2 Ultra-High-Yield Dividend Stocks with Over 11% Returns Billionaires Are Investing In

Billionaire Investors Are Snapping Up Shares in Medical Properties Trust and AGNC Investment

May 18, 2024 - 10:31
May 18, 2024 - 10:32
2 Ultra-High-Yield Dividend Stocks with Over 11% Returns Billionaires Are Investing In
2 Ultra-High-Yield Dividend Stocks with Over 11% Returns Billionaires Are Investing In

Investors often seek out dividend-paying stocks that offer exceptionally high yields. However, these high yields can sometimes indicate potential challenges for the companies involved.

Historically, the S&P 500 index has averaged an annual return of 9.7% since 1928. While many hedge fund managers strive to outperform this benchmark, only a few consistently achieve this and build fortunes exceeding $1 billion.

In the first quarter of this year, a select group of billionaire investors made substantial investments in Medical Properties Trust (NYSE: MPW) and AGNC Investment (NASDAQ: AGNC). These stocks offer yields above 11%, presenting an opportunity for significant returns if their dividends remain stable.

Here’s a closer examination of these high-yield dividend stocks and whether everyday investors can depend on them for ongoing dividend payments.

1. Medical Properties Trust

Medical Properties Trust’s stock has plummeted about 49% from its peak in late 2023. This decline follows the company’s 48% dividend reduction last year and a series of unsettling news about its primary revenue source.

Despite these challenges, Medical Properties Trust currently offers an impressive 11.9% dividend yield. Although the company reported significant losses in the first quarter, several billionaire investors are optimistic about its recovery. John Overdeck and Two Sigma Investments initiated a new position with 2.58 million shares, while Jeff Yass from Susquehanna more than doubled his holdings by acquiring 2.34 million shares.

Medical Properties Trust is a real estate investment trust (REIT) specializing in hospitals and other acute care facilities. Its cash flows are typically reliable because it operates under a net lease structure, meaning it does not manage the properties directly. However, its largest operator, Steward Health Care, filed for bankruptcy on May 6 after missing rent payments for several quarters.

While there is a slim chance Medical Properties Trust could sustain its dividend payouts, this seems unlikely given that Steward accounted for over 20% of its total rental revenue at the end of 2023.

Both Yass and Overdeck’s investments in Medical Properties Trust represent less than 1% of their portfolios. If you choose to follow their lead, it is wise to limit your exposure to an amount you can afford to lose.

2. AGNC Investment

AGNC Investment is a mortgage REIT renowned for its monthly dividend payments. At current prices, the stock boasts a remarkable 14.6% yield.

David Siegel and Two Sigma Investments recognized this opportunity, opening a new position with 3.08 million shares in the first quarter. Israel Englander and Millennium Management also acquired a new position with 1.57 million shares.
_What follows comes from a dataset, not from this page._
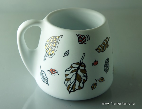 Кружка «Осенняя»Напечатана командой Filamentarno из новейшего фирменного пластика CERAMO слоями 0,2 мм и соплом 0,4 мм без поддержек или обдува. Постобработка наждачной бумагой, декорация фломастером и акриловыми красками. Подробнее о керамических имитаторах CERAMO и CERAMO-TEX читайте в блоге Filamentarno.

AGNC Investment borrows funds at relatively low short-term rates and uses the capital to purchase longer-term mortgage-backed securities that offer higher yields. Over 98% of AGNC’s portfolio is backed by government agencies, reducing the risk from individual borrower defaults.

However, the value of AGNC’s assets decreased significantly in 2022 due to rising interest rates. Siegel and Englander likely anticipate the Federal Reserve to lower or stabilize rates in the coming months. If their prediction is correct, AGNC could deliver substantial returns for those purchasing at current prices.

Nonetheless, there is no certainty that the Federal Reserve won’t increase rates further, which could make it challenging for AGNC to maintain its high payout. As with Medical Properties Trust, it is prudent to limit your investment in AGNC to a manageable level if you decide to follow these billionaire investors' strategies.